TASK GOAL — Please restate, word for word, the lines below that begin at the one with "STEP 5: Press seam to one side." and end at the one with "BLACK PINSTRIPED BARBER JACKET". Leave out all other lines.

TASK MATERIAL —
----

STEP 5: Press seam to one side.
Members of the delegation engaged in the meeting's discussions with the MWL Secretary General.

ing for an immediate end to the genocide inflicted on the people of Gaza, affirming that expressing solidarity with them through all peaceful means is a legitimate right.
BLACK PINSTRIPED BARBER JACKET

----

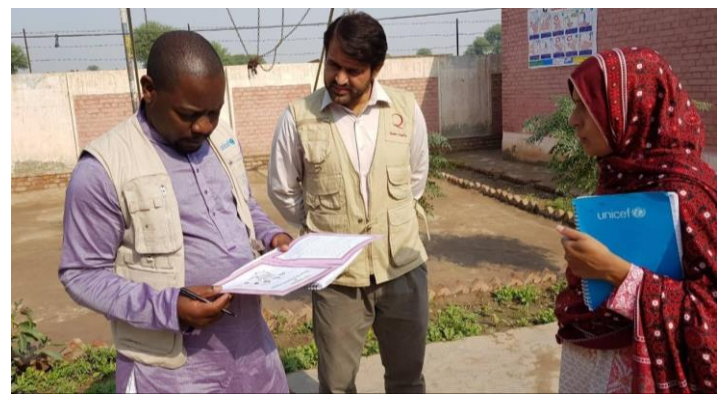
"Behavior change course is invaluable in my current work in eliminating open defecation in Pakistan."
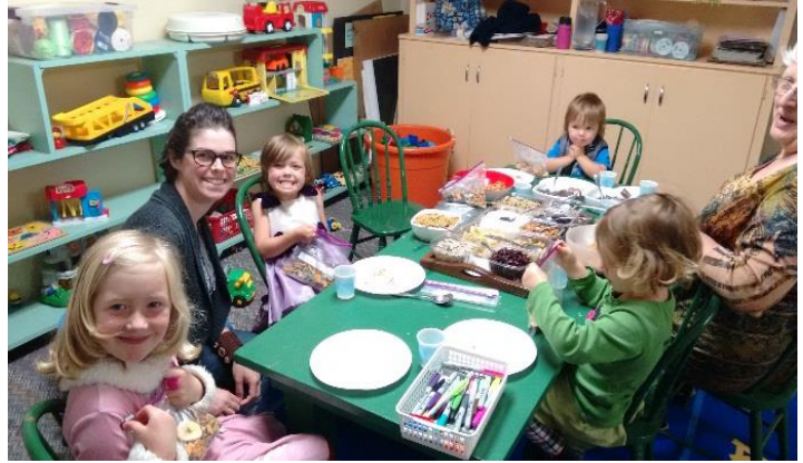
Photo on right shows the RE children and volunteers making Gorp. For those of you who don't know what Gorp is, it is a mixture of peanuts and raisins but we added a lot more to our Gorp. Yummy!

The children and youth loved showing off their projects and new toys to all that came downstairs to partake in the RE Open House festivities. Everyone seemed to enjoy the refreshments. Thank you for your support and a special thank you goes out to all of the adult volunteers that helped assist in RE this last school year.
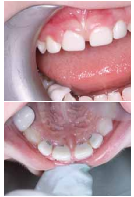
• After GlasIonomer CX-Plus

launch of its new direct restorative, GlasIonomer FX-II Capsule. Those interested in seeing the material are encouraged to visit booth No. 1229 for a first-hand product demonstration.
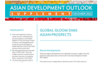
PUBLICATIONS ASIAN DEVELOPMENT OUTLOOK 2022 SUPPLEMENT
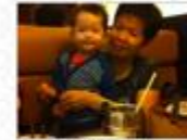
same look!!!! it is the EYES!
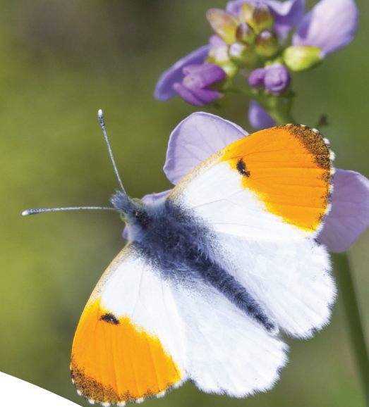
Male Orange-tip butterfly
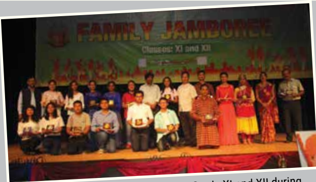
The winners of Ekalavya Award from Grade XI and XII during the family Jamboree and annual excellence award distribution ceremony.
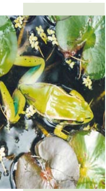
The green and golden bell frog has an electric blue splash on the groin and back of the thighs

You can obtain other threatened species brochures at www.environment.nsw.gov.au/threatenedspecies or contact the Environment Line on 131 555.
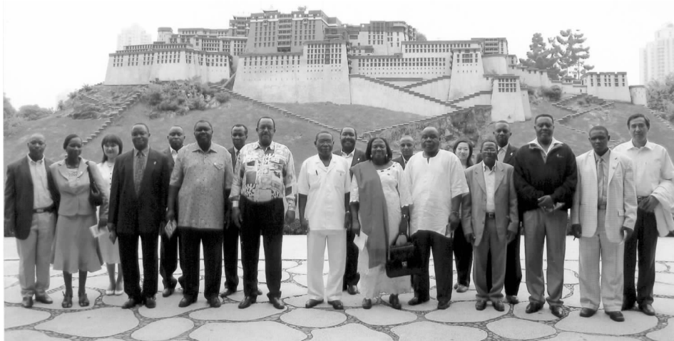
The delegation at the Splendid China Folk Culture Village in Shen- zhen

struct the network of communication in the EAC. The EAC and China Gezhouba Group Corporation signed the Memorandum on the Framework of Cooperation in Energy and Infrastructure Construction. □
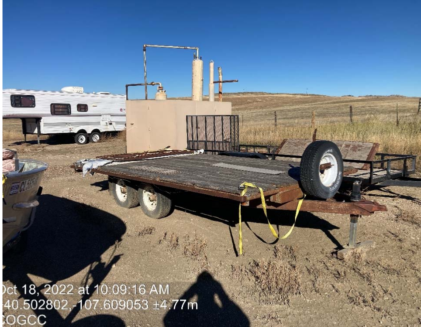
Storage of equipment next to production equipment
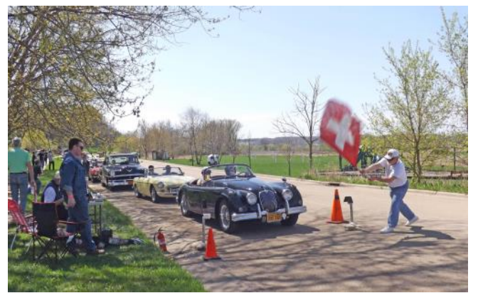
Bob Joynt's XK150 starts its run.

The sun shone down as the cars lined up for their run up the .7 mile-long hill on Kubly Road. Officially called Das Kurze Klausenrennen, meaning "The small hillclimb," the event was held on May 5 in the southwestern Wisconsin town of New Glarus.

----

EXERCISE SOLUTION —
STEP 5: Press seam to one side.
Members of the delegation engaged in the meeting's discussions with the MWL Secretary General.

ing for an immediate end to the genocide inflicted on the people of Gaza, affirming that expressing solidarity with them through all peaceful means is a legitimate right.
BLACK PINSTRIPED BARBER JACKET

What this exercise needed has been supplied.